Hacker Read top | best | new | newcomments | leaders | about | bookmarklet login
GPU Guide (For AI Use-Cases) (gpus.llm-utils.org) similar stories update story
49 points by tikkun | karma 2720 | avg karma 3.01 2023-07-07 09:37:58 | hide | past | favorite | 27 comments



view as:

Solid work. I'm holding off for about 2 years since that kind of development time will give Nvidia time to make some consumer friendly VRAM giant. (I'm assuming the 4090 is still consumer friendly)

As long as chatGPT still lets people ask medical/healthcare questions, it doesnt seem to urgent. I'm dreading when the AMA lobbies to ban it unless under Physician supervision.


Nvidia has no motivation to make a consumer card with lots of VRAM, that's basically the only (relevant) separator between the GeForce family and the Quadro lineup.

There are restrictions on NVENC streams with consumer cards, but that has been a solved problem for a while [0].

If they were to make a consumer card with more VRAM, it would immediately undercut their own Quadro/Tesla lineup, which cost substantially more.
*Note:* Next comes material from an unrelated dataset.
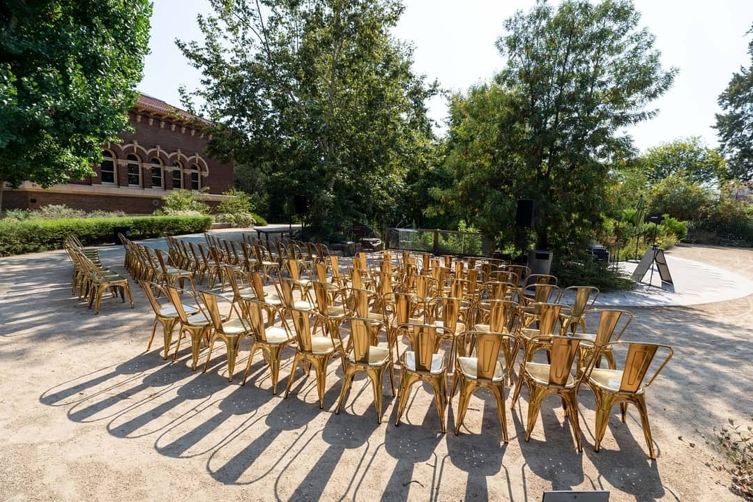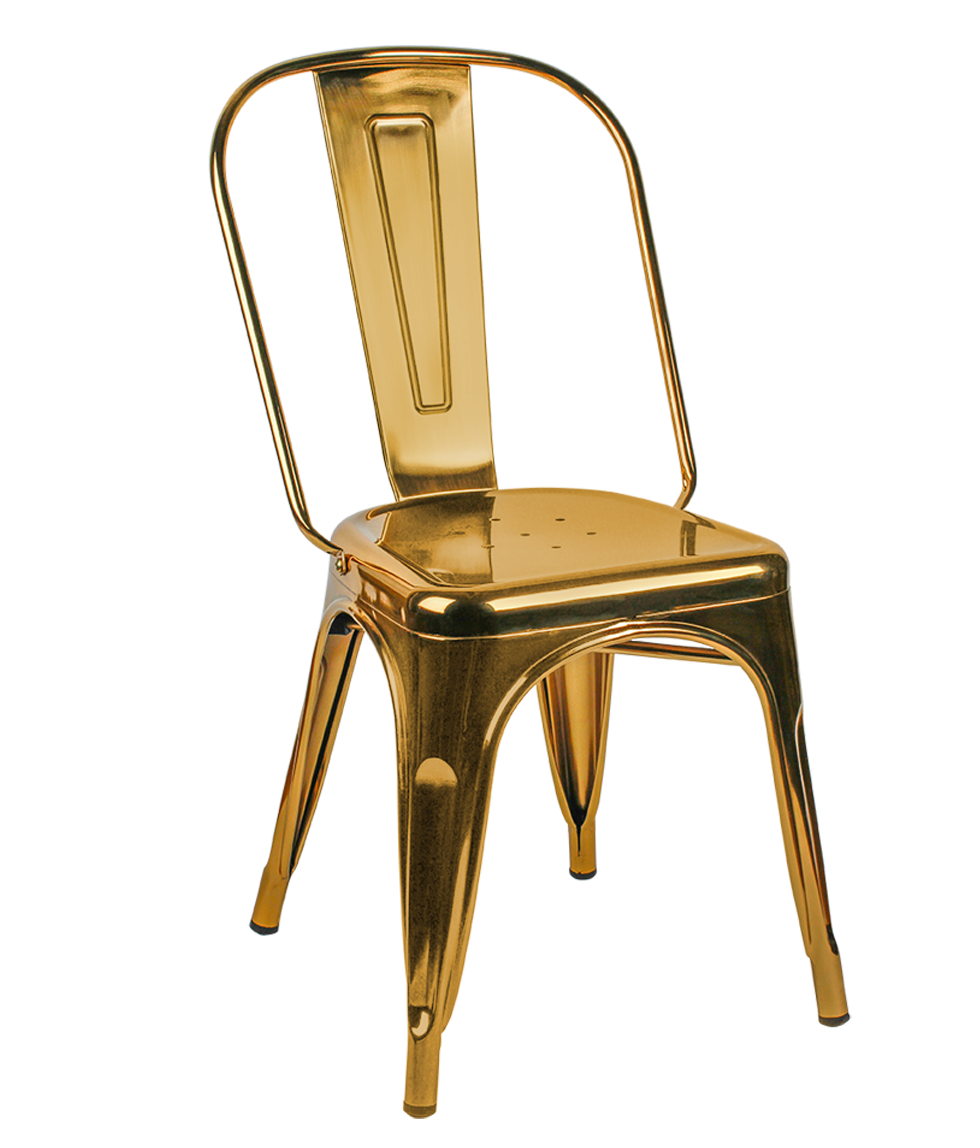 Originally made famous in the quaint bistros of France, these midcentury replicas of vintage style café seating will offer a dose of nostalgia. Featuring a curved back with vertical slat and drain holes in the seat. A cross brace underneath the seat adds extra stability while the Polished Gold finish blends beautifully with rustic or modern design.

I don't see a reason for them to do it.

0: https://github.com/keylase/nvidia-patch


>Nvidia has no motivation to make a consumer card with lots of VRAM

Money


Presumably they're making a higher margin on the professional cards.

If NVidia doesn't, somebody else will. Maybe AMD, maybe Apple, maybe Intel.

Apple's neural engine is really interesting as a GPU alternative. It's still just a bunch of tensor cores, but the unified memory architecture allows it to use the full system RAM without a major performance hit. I think we will see more of this in the future.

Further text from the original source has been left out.